Anyhow. I arrived at the yard around 11:30 and figured I’d have to hurry fast, for I knew I wouldn’t have too much time before my paws quit working from the cold. I quickly came to wish I’d thought about my feet; I’d left my boots at home.

I paid the $1 admission, signed the waiver of liability, made a beeline for the 164, and went on my feeding frenzy. All four excellent door cards, both correct sideview mirrors, licence plate lamp, fixture, bezel and gasket assembly (now available as a repro; back then very difficult to find in good condition), both taillamp assemblies, one front retractable shoulder belt assembly, complete instrument cluster, left and right front seat reclining mechanisms, nearly perfect front and rear bumpers with nearly perfect rubber inserts, windshield washer pump, pocket full o’ fuses—this car, not equipped with overdrive, had a 16A fuse in the defog-O/D slot, aha. Front end trim, left and right side trim, trunk trim, nameplates, no-frog-lamp blankoff plates, and a fine pile of miscellaneous bits and bobs. Pair of carburetors, air cleaner housing. Most of this stuff fell into the in-case-if-I-might-need-it-someday category.

There was no way I could comply with the $29-day rule—you had to carry everything in one go—so I just loaded it all into a yard-supplied wheelbarrow and headed in.

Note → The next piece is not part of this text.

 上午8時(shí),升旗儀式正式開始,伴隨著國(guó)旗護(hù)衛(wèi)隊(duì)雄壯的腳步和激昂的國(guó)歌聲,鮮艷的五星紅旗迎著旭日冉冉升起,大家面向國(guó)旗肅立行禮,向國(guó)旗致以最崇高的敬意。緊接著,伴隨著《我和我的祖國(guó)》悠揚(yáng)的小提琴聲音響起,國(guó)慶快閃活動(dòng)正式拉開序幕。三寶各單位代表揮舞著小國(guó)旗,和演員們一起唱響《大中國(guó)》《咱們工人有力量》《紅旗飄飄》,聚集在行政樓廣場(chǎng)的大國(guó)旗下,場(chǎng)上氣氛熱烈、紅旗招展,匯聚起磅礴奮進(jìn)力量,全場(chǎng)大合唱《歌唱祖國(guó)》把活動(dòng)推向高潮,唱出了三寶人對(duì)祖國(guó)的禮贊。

The guy took pity on me (maybe as a frequent flier at that yard) and handed me a yellow coupon, so the total with tax was $32.89. Supplied wheelbarrows, wide paved pathways, cars up in the air on gravel, hand soap and hot water in clean, working washrooms, safe food and drink available…this is what the good yards were like before LKQ bought them all up and ruined them.

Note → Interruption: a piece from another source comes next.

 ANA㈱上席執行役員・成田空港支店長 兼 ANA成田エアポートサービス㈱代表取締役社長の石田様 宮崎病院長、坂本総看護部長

Drove home—O/D and defog working again with a 16A fuse installed—and arrived home cold and wet and had to unload the trunk immediately, for it hadn’t closed completely over those bumpers. Also, there was stuff in there that needed to dry out; paper grocery bags aren’t optimal for lugging yard parts on wet days. “Home” was my folks’ house, so the parts had to be hidden, and those that wouldn’t hide had to be put away so as to provide plausible deniability (What? No, those have been there for…gosh, three years? Four?). And I considered it a fine day’s productive entertainment.